Das lyrische Hauptthema in der Exposition des ersten Satzes ist von Septimen bestimmt. Dessen Melodik in der ersten Violine erinnert an das D-Dur-Streichquartett (KV 575) von Wolfgang Amadeus Mozart.[1] Das Seitenthema dagegen kontrastiert mit Synkopen und Sforzati. In der Durchführung führen Variationen des Hauptthemas sowie weitere Synkopen und Sforzati zu sechsstimmigen Triolen. In der Reprise dominiert erneut die Septime, bevor der Satz in kräftigen Achteln endet.

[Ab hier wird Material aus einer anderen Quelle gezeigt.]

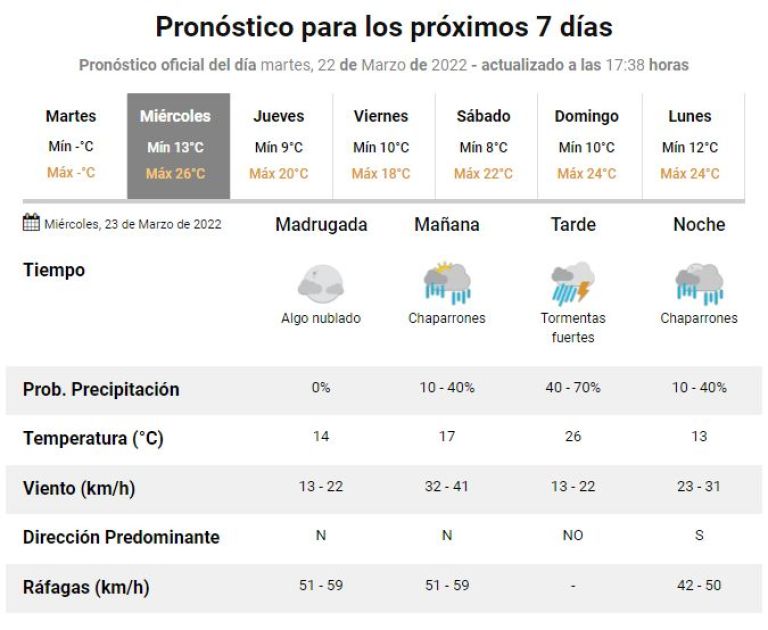 Mientras que para el jueves pronostica una jornada ventosa con precipiitaciones, con ráfagas muy fuertes desde el sector sur.
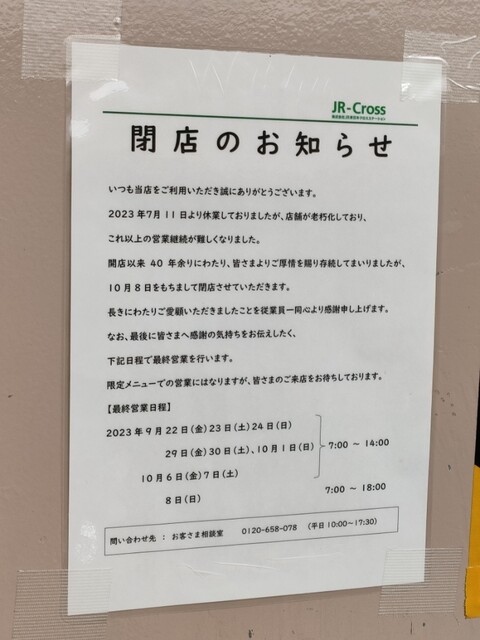以前から休業していたこのお店が10/8(そばの日)をもって閉店すると知ったのは、X(旧Twitter)の9/11のこの投稿でした。
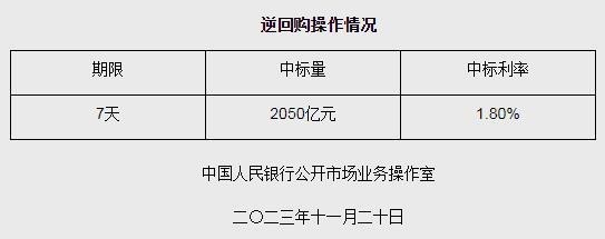 中新網(wǎng)11月20日電 據(jù)央行網(wǎng)站消息,為維護(hù)銀行體系流動性合理充裕,2023年11月20日人民銀行以利率招標(biāo)方式開展了2050億元逆回購操作,中標(biāo)利率1.80%,期限為7天。具體情況如下:
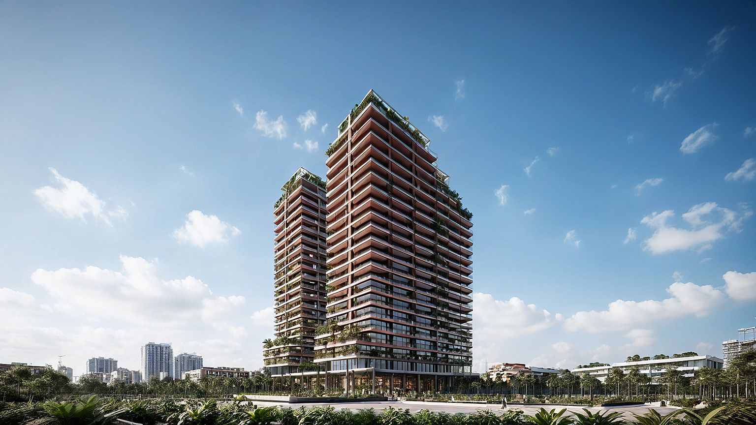 Prompt"High-rise building with a tropical bioclimatic design — structure elevated on pillars above a large podium clad in textured terracotta panels. Upper levels feature a grid façade with deep vertical and horizontal fins, modular balconies, and integrated greenery. The tower showcases natural ventilation strategies, with planters and vegetation embedded into the façade. Mid-section includes an open-air sky garden with large support columns and hanging vegetation. Surrounding context: dense urban area with adjacent glass and concrete buildings. Lighting is natural daylight with soft shadows. Emphasize realistic materials (terracotta cladding, concrete, glass), vertical garden elements, and a warm, sustainable aesthetic. Camera angle from below looking upward, dramatic perspective emphasizing height and texture."

Das kantable Hauptthema des zweiten Satzes besteht aus vier Tönen, die dreimal – jeweils in einer höheren Tonlage – wiederholt werden. Ihm wird ein heiteres Seitenthema gegenübergestellt. In diesem tänzeln die Instrumente sowohl auf kanonische Weise umher als auch in den Pausen umeinander. Die Reprise wird von mit Sforzati unterlegten Sechzehnteln bestimmt, bevor dieser Satz in der Coda in immer schwächer werdenden Pausen endet.

In Abweichung von der Tradition bezeichnet Beethoven den dritten Satz nicht mehr als „Scherzo“, sondern nur noch neutral mit der Tempoangabe „Allegro“. Der Satz lehnt sich in seiner Liedartigkeit an die ersten beiden Sätze an. Der Mittelteil in Moll (mit „Minore“ betitelt) ist durch Achtelläufe gekennzeichnet.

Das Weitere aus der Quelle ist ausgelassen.